# BEET WINE



## NorthernWinos (May 4, 2007)

To plant more beet seeds????...... or..... not to plant more beet seeds....is the question????







PWP gave me a small bottle to try...she said to put it away for a long while...it's been 10 months....maybe I should just open it and give it a try....


----------



## jobe05 (May 4, 2007)

PLANT THEM!!!!!!!!!!!


I love beets thou....... 


I always plant 2 rows, 1 I pick when the beet is about 1/2" to 1" round and the tops are about 8" tall. Cook beet greens and all........ Love it!


The other row I use as normal beets, cooked with vinegar and sugar.


Should I plant a third row for beet wine??? Is it any good??


----------



## NorthernWinos (May 4, 2007)

Will open PWP &amp; Bert's wine tomorrow and let you know...I am planting them this year for pickled beets...


----------



## Waldo (May 5, 2007)

A great use for beet juice other than making wine is to put your earthworms in it that you are going to use to fish with. Gives them a nice red color but the main benifit is that it really toughens them up, making it harder fo the fish to get them off the hook. 
Sorry.........got fishing on the brain this morning


----------



## NorthernWinos (May 5, 2007)

Waldo...how do you do that??? If you soak them too long they would drown...so just put a bit of beet juice in with their bedding ....or...what???

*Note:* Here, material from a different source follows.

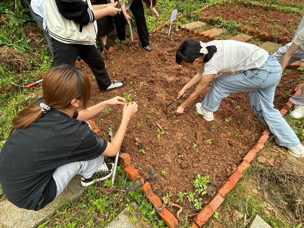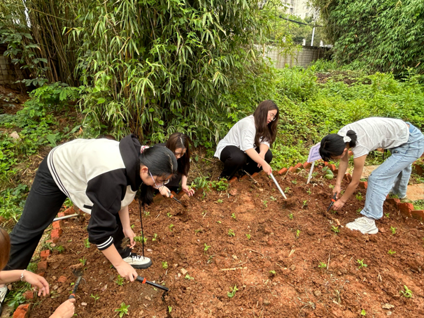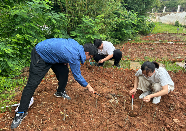 尽管天空下着小雨,但同学们热情不减,分组协作、挥锄铲土、清理杂草、分苗栽种、覆土浇水,每一步都一丝不苟,短短一小时便完成了3块责任田的种植任务。“第一次知道薄荷要种在阴凉处,艾草却喜欢阳光,劳动真是门大学问!”2024级汉语国际教育员工王昭炜边擦汗边说。

Good Luck if you go fishing....our Game Fishing season opens soon.


----------



## JWMINNESOTA (May 5, 2007)

Similar to this
http://www.cabelas.com/cabelas/en/templates/product/standard-item.jsp?_DARGS=/cabelas/en/common/catalog/item-link.jsp_A&amp;_DAV=null-cat20188&amp;id=0030419119530a&amp;navCount=0&amp;podId=0030419&amp;parentId=cat20188&amp;masterpathid=&amp;navAction=push&amp;catalogCode=IH&amp;rid=&amp;parentType=index&amp;indexId=cat20188&amp;cmCat=netcon&amp;cm_ven=netcon&amp;cm_cat=MSN&amp;cm_pla=neon%20worm%20bedding&amp;cm_ite=netcon&amp;hasJS=true


Ive seen this stuff, really does turn the worm chartreuse


----------



## Waldo (May 5, 2007)

Them suns a benches done stole my secerets


----------



## PolishWineP (May 6, 2007)

*I almost opened a bottle last night! I should give one a try today.*


----------



## NorthernWinos (May 6, 2007)

I was going to try that one last night....but it was Saturday and that's Sparkling Wine night....and today we bottled wine...so are having left-overs....Tell us if it's ready????


----------



## bj4271 (May 7, 2007)

"A great use for beet juice other than making wine is to put your earthworms in it that you are going to use to fish with. Gives them a nice red color but the main benifit is that it really toughens them up, making it harder fo the fish to get them off the hook. "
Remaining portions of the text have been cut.